Meu pai era general, e meu avô, marechal. Tenho um certo conhecimento quase empático dos militares. No passado, eles eram mais políticos, depois se profissionalizaram. Há uma questão que qualquer militar, depois de um certo ponto, não aceita: a desordem. Então eles tentam trazer ordem, e isso é perigoso. Pode acontecer? A pandemia está servindo como uma vacina para demonstrações de rua. Acredito que políticos, profissionais e jornalistas têm a responsabilidade de alertar o país para que não cheguemos a um ponto de desordem, porque depois chegam os militares, e eu não quero isso. É ruim para o país e para eles, que serão responsabilizados pelo que acontecer.
Como o senhor analisa as saídas de Sergio Moro (ex-ministro da Justiça) e Luiz Henrique Mandetta (ex-ministro da Saúde) do governo?
Vi Sergio Moro duas vezes na minha vida. Creio que ele se equivocou ao aceitar ser ministro. Não por ser ministro do Bolsonaro, mas porque trocou o âmbito da Justiça, no qual atuou a vida toda, pelo Executivo, e ficou em uma situação delicada, porque não era um homem predisposto a estas funções (políticas).
E qual foi a consequência imediata de uma saída como a do ministro da Saúde (Mandetta)? Na minha opinião, uma saída doida, irracional. O prestígio do presidente está diminuindo. Muitos o apóiam, mas não são a maioria. (A saída de) Mandetta não teve tanto efeito, mas Moro era um pilar.

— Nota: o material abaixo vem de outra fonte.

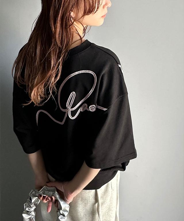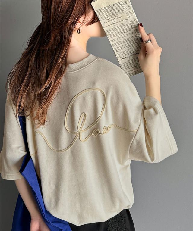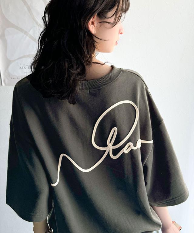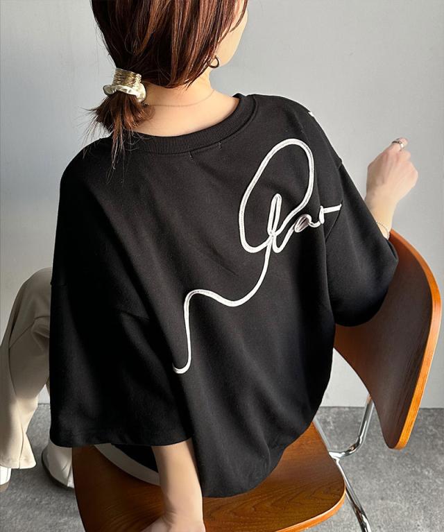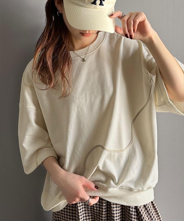 《メンズもレディースも着れちゃう"コード刺繍ハーフスリーブ裏毛スウェットTシャツ"》

E o outro pilar, que é o ministro da Economia (Paulo Guedes), muito bem visto pelos empresários, tem um projeto que não pode mais ser aplicado. Ele tem uma visão que certamente estava certa no passado (ajuste dos gastos públicos), necessária, mas com a pandemia a visão é de gastar mais e aumentar a dívida pública.

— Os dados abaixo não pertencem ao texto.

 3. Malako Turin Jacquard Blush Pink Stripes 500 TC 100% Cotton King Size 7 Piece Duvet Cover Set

Como o senhor avalia o combate à Covid-19 no Brasil, onde o presidente não segue à risca as recomendações da Organização Mundial da Saúde (OMS)?
O pior é que atingiu as áreas mais populares. Para mim, nada muda, mas quando uma pessoa vive na periferia de São Paulo, na miséria, em uma favela, com muitas pessoas em casa, sem conforto… as pessoas têm que ir às ruas (…) Mesmo que haja recomendações da OMS para que fiquem em casa, para as pessoas mais pobres é um castigo, porque é impossível. Além disso, há uma falta de liderança. Às vezes, o presidente (Bolsonaro) está com outras pessoas na rua sem usar máscara, como se nada tivesse acontecido (…) É perceptível que a falta de coordenação é prejudicial, ainda que o Brasil tenha a vantagem de um sistema de saúde gratuito e universal.

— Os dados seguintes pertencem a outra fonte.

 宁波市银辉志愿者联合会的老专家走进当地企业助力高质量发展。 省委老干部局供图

Alguns políticos, inclusive juristas, consideram que Bolsonaro pode ser procesado na Corte Interamericana de Direitos Humanos (CIDH) por não seguir as recomendações da OMS. O senhor considera plausível?
Não vejo que tenha muito o que fazer (a CIDH), outras oportunidades foram perdidas quando houve violência, tortura… O atual presidente tem essa visão de amigos e inimigos, o que não ajuda para o que é necessário agora, que há mais coesão para combater um inimigo comum (coronavírus). É um sério fracasso político, mas não acho que será resolvido com impeachment, por enquanto. Dependerá de como o presidente agir. Estou muito preocupado com o que virá depois da pandemia (…) Haverá muita gente desempregada.
Por outro lado, meu sentimento é de que não há pressão militar para a queda do presidente. Os militares, felizmente, há muito tempo respeitam a Constituição. Não podemos nos distanciar do quadro constitucional, pois isso seria muito perigoso para as instituições e para a liberdade. Não há inimigos da liberdade, a imprensa é livre, a Justiça funciona e não existe tal sentimento como vivi em outros tempos (alusão à ditadura).